§ **Data below**:
____
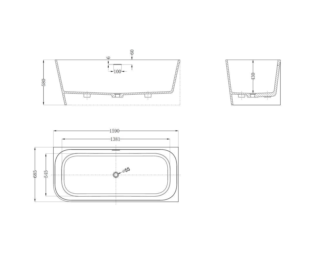 Характеристики Ванна из искусственного камня ABBER Stein AS9680 R белая матовая
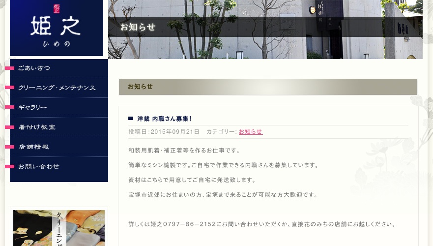 公式サイトへ「株式会社 姫之」の内職について、ホームページの記載内容から、オススメできそうか(安心できそうか)を在宅ワークガイド・スタッフが独自にチェックしました。(2016年1月16日チェック)
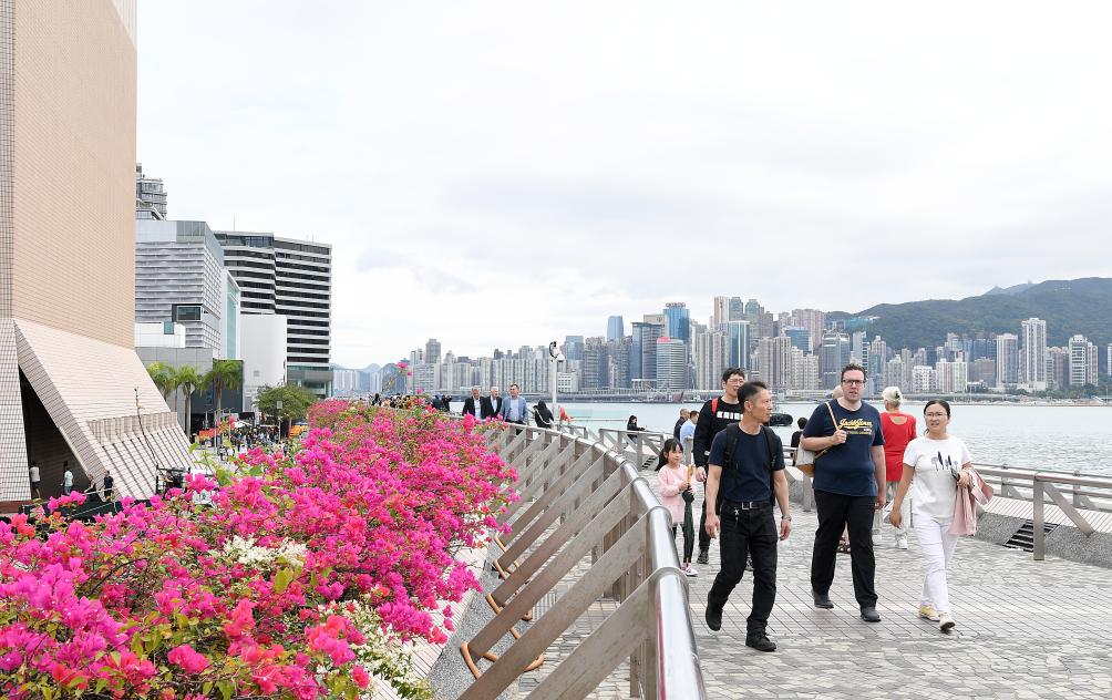 2024年3月19日,游客在香港尖沙咀游览。新华社记者 陈铎 摄
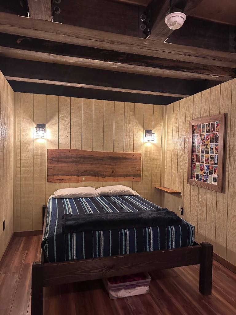This is the smaller of the two units and is fit with a full size bed, pull out couch, living area and bathroom. The perfect hobbit sized accommodations for just the two of us.
____
With the pictures left out, output exactly the lines that begin at the line containing "2024年3月19日,游客在香港尖沙咀游览。新华社记者 陈铎 摄" and end at the last line of the material.

 2024年3月19日,游客在香港尖沙咀游览。新华社记者 陈铎 摄
This is the smaller of the two units and is fit with a full size bed, pull out couch, living area and bathroom. The perfect hobbit sized accommodations for just the two of us.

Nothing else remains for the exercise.